_Extracted data_:
———

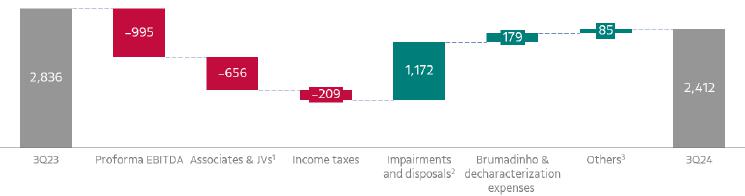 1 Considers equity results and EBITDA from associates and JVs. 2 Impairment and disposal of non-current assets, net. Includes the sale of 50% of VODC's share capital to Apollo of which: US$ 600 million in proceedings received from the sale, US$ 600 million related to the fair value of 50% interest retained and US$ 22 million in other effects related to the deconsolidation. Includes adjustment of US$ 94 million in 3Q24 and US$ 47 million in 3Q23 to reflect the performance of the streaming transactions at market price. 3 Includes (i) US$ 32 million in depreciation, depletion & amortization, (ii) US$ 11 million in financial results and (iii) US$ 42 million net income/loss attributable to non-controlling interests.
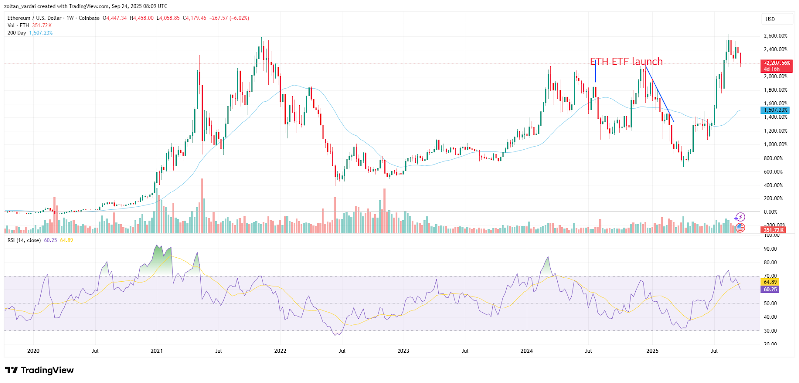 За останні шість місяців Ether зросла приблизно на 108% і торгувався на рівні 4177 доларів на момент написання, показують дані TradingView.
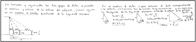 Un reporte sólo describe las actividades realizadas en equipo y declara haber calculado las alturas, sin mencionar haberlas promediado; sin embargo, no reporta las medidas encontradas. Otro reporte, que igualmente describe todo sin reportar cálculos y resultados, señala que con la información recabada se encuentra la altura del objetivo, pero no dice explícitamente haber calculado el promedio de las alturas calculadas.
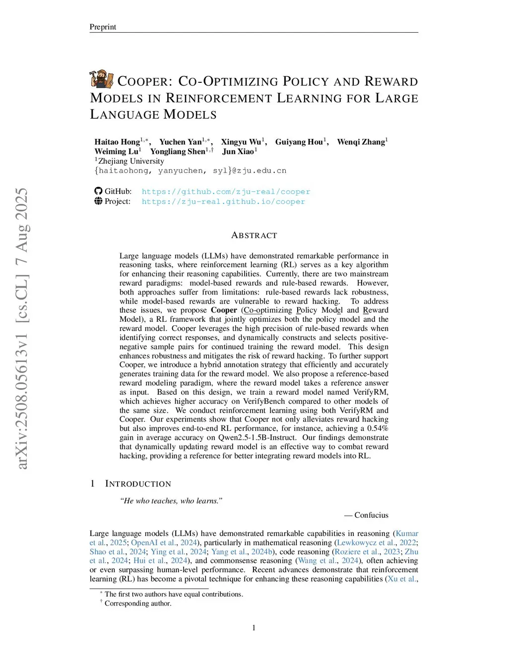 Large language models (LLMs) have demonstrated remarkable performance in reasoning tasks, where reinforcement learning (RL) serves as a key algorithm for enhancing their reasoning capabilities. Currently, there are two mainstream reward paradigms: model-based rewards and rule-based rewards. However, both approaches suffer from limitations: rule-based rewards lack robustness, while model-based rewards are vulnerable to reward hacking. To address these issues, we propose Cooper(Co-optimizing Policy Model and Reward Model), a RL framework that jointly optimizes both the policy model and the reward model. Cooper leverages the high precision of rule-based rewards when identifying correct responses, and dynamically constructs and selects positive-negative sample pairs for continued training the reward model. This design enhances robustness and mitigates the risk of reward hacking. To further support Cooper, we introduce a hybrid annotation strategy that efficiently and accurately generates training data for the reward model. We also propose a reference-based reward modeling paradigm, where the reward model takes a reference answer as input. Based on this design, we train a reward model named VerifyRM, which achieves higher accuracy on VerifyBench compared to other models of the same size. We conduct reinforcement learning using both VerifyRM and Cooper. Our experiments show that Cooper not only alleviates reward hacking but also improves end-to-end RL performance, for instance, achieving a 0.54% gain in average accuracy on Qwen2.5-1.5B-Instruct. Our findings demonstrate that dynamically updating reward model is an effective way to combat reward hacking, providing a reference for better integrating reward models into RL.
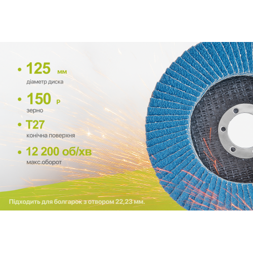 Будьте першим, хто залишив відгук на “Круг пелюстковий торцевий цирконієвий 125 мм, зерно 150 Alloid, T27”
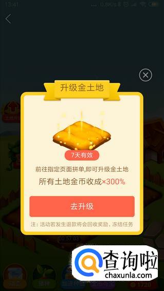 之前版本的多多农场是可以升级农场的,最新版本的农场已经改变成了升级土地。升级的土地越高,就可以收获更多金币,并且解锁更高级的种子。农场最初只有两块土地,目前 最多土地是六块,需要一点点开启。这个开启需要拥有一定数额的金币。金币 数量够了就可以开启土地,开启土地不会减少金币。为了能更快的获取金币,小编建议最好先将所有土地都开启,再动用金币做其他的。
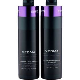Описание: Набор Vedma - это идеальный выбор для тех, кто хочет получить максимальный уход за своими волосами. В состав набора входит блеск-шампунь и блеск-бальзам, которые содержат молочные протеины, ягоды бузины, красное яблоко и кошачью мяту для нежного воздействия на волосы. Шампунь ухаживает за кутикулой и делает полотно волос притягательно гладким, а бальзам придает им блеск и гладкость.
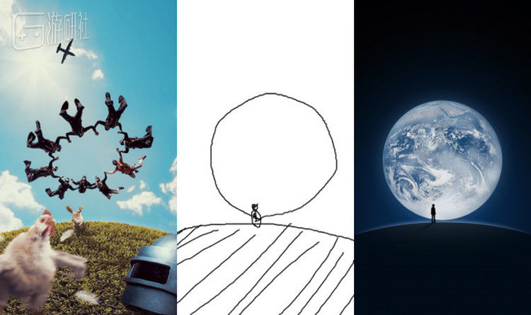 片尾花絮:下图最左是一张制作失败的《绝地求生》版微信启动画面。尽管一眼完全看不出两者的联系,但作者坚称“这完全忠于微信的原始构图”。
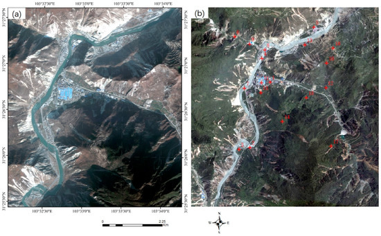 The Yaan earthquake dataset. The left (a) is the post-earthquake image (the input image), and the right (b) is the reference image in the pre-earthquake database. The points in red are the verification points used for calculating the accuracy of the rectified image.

———

_Problem to solve_:
What is wanted is the listing, written out exactly, with each picture removed.

_Solution for this exercise_:
 1 Considers equity results and EBITDA from associates and JVs. 2 Impairment and disposal of non-current assets, net. Includes the sale of 50% of VODC's share capital to Apollo of which: US$ 600 million in proceedings received from the sale, US$ 600 million related to the fair value of 50% interest retained and US$ 22 million in other effects related to the deconsolidation. Includes adjustment of US$ 94 million in 3Q24 and US$ 47 million in 3Q23 to reflect the performance of the streaming transactions at market price. 3 Includes (i) US$ 32 million in depreciation, depletion & amortization, (ii) US$ 11 million in financial results and (iii) US$ 42 million net income/loss attributable to non-controlling interests.
 За останні шість місяців Ether зросла приблизно на 108% і торгувався на рівні 4177 доларів на момент написання, показують дані TradingView.
 Un reporte sólo describe las actividades realizadas en equipo y declara haber calculado las alturas, sin mencionar haberlas promediado; sin embargo, no reporta las medidas encontradas. Otro reporte, que igualmente describe todo sin reportar cálculos y resultados, señala que con la información recabada se encuentra la altura del objetivo, pero no dice explícitamente haber calculado el promedio de las alturas calculadas.
 Large language models (LLMs) have demonstrated remarkable performance in reasoning tasks, where reinforcement learning (RL) serves as a key algorithm for enhancing their reasoning capabilities. Currently, there are two mainstream reward paradigms: model-based rewards and rule-based rewards. However, both approaches suffer from limitations: rule-based rewards lack robustness, while model-based rewards are vulnerable to reward hacking. To address these issues, we propose Cooper(Co-optimizing Policy Model and Reward Model), a RL framework that jointly optimizes both the policy model and the reward model. Cooper leverages the high precision of rule-based rewards when identifying correct responses, and dynamically constructs and selects positive-negative sample pairs for continued training the reward model. This design enhances robustness and mitigates the risk of reward hacking. To further support Cooper, we introduce a hybrid annotation strategy that efficiently and accurately generates training data for the reward model. We also propose a reference-based reward modeling paradigm, where the reward model takes a reference answer as input. Based on this design, we train a reward model named VerifyRM, which achieves higher accuracy on VerifyBench compared to other models of the same size. We conduct reinforcement learning using both VerifyRM and Cooper. Our experiments show that Cooper not only alleviates reward hacking but also improves end-to-end RL performance, for instance, achieving a 0.54% gain in average accuracy on Qwen2.5-1.5B-Instruct. Our findings demonstrate that dynamically updating reward model is an effective way to combat reward hacking, providing a reference for better integrating reward models into RL.
 Будьте першим, хто залишив відгук на “Круг пелюстковий торцевий цирконієвий 125 мм, зерно 150 Alloid, T27”
 之前版本的多多农场是可以升级农场的,最新版本的农场已经改变成了升级土地。升级的土地越高,就可以收获更多金币,并且解锁更高级的种子。农场最初只有两块土地,目前 最多土地是六块,需要一点点开启。这个开启需要拥有一定数额的金币。金币 数量够了就可以开启土地,开启土地不会减少金币。为了能更快的获取金币,小编建议最好先将所有土地都开启,再动用金币做其他的。
Описание: Набор Vedma - это идеальный выбор для тех, кто хочет получить максимальный уход за своими волосами. В состав набора входит блеск-шампунь и блеск-бальзам, которые содержат молочные протеины, ягоды бузины, красное яблоко и кошачью мяту для нежного воздействия на волосы. Шампунь ухаживает за кутикулой и делает полотно волос притягательно гладким, а бальзам придает им блеск и гладкость.
 片尾花絮:下图最左是一张制作失败的《绝地求生》版微信启动画面。尽管一眼完全看不出两者的联系,但作者坚称“这完全忠于微信的原始构图”。
 The Yaan earthquake dataset. The left (a) is the post-earthquake image (the input image), and the right (b) is the reference image in the pre-earthquake database. The points in red are the verification points used for calculating the accuracy of the rectified image.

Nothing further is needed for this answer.